Emerson Quartet unveils compelling new Adès work at Kravis

By David Fleshler

The Emerson Quartet gave the Florida premiere of Thomas Adès' "The Four Quarters" Tuesday night at the Kravis Center in West Palm Beach.

The main hall of the Kravis Center for the Performing Arts was designed for events such as Cats, Rigoletto and performances by full symphony orchestras. But Tuesday the four members of the Emerson String Quartet took the stage before an audience that filled most of the West Palm Beach auditorium’s 2,193 seats, a highly respectable turnout for chamber music and a testimony to the eminence the Emerson Quartet has achieved in its 35-year career.

The concert opened with Haydn’s Quartet No. 67, Op.77 No. 2, with the musicians apparently requiring a few minutes to warm up and play with their usual assurance (Haydn seems doomed to dwell at the beginning of programs, serving as a vehicle for working kinks out of the fingers before turning to other composers.).

Handling the first violin part, Eugene Drucker displayed some initial intonation problems, although his role was by far the most complex and exposed.  But for the most part, the first movement sounded like Haydn as it was meant to be played, high-spirited but with a savor for the dark minor-key sections that gave the movement depth. The quartet’s tonal palette is vast, from the plush, sugary sound they brought to the second movement’s trio to the transparent, effortlessly hall-filling sound of Drucker’s ornamentation over a melody played by cellist David Finckel.

The Four Quarters by the young British composer Thomas Adès was commissioned by Carnegie Hall for the Emerson String Quartet, which performed the world premiere in March of this year.
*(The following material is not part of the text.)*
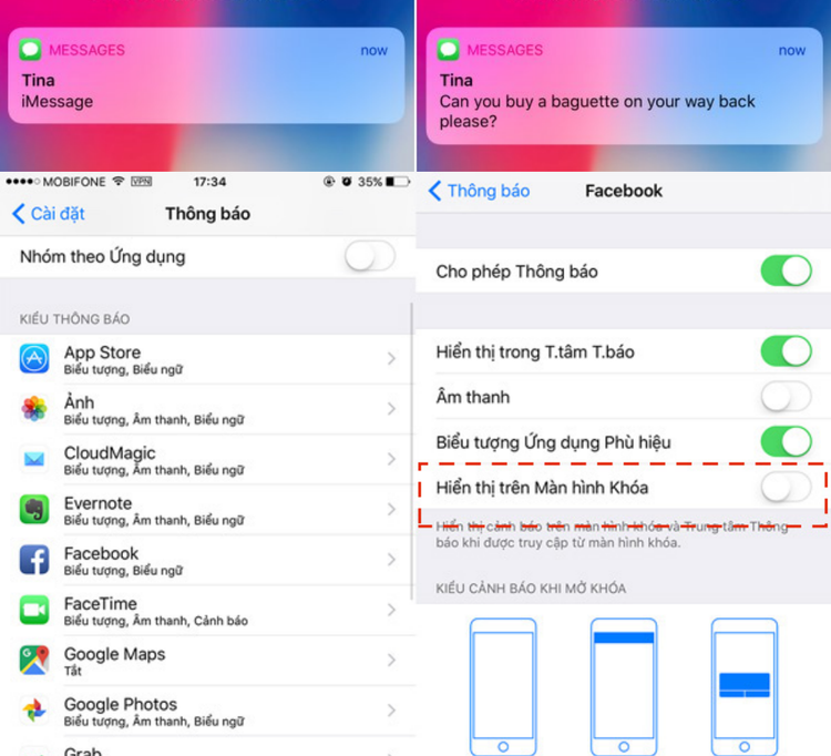 Không hiển thị nội dung thông báo ngoài màn hình khoá

Intended to portray a day from sunrise to sundown, the four-movement work clearly made an underwhelming impression on the audience, judging from the tepid applause (the Beethoven performance that ended the program generated a standing ovation).

This is surprising since the Adès work is a highly accessible composition with memorable motifs that remained in the ear after the performance. In the first section, glassy, swiftly bowed notes in the violins generated a strong sense of rhythm and built to a climax that presumably indicated the rising sun. Although in the last movement Adès makes extensive use of the violins’ capacity for upper-register tones, the music never sinks into eerie, world-weary cliché. The movement used complex but powerfully delineated rhythms and created a strong sense of forward motion, as the ghostly tones deepened into full-throated string playing that brought the work to its climax.
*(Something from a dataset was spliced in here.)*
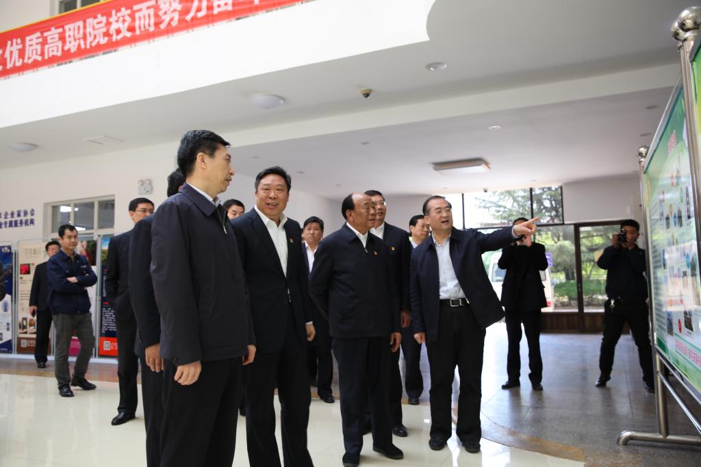 仪式结束后,李宽端等在学院领导陪同下考察了职业农民学院办学计划方案及部分涉农专业教育培训成果展。(葛树强供稿)

The final work on the program was Beethoven’s monumental String Quartet No. 14, Op. 131, a sprawling seven-movement composition that is one of the great cornerstone of the repertoire. The quartet seemed most in their element here. Although the four musicians seemed to play with great concentration in a work they’ve rehearsed and played throughout their careers, they brought a headlong spontaneity to the performance that made it sound almost as fresh as the Adès work.

The last movement, in particular, rushed forward with a driving force and occasional scrappiness that indicated the spontaneous nature of the performance on stage, giving the movement a rugged grandeur that a more controlled performance could not have achieved. The fourth movement Andante came off with pulsing tension, with a mysterious, searching but sonorous build up to the arrival of the Presto movement. In this movement they achieved a unique sound, with pin-point touches of the bow to the strings that made the passage sound like broken glass, with every note ringing out clearly.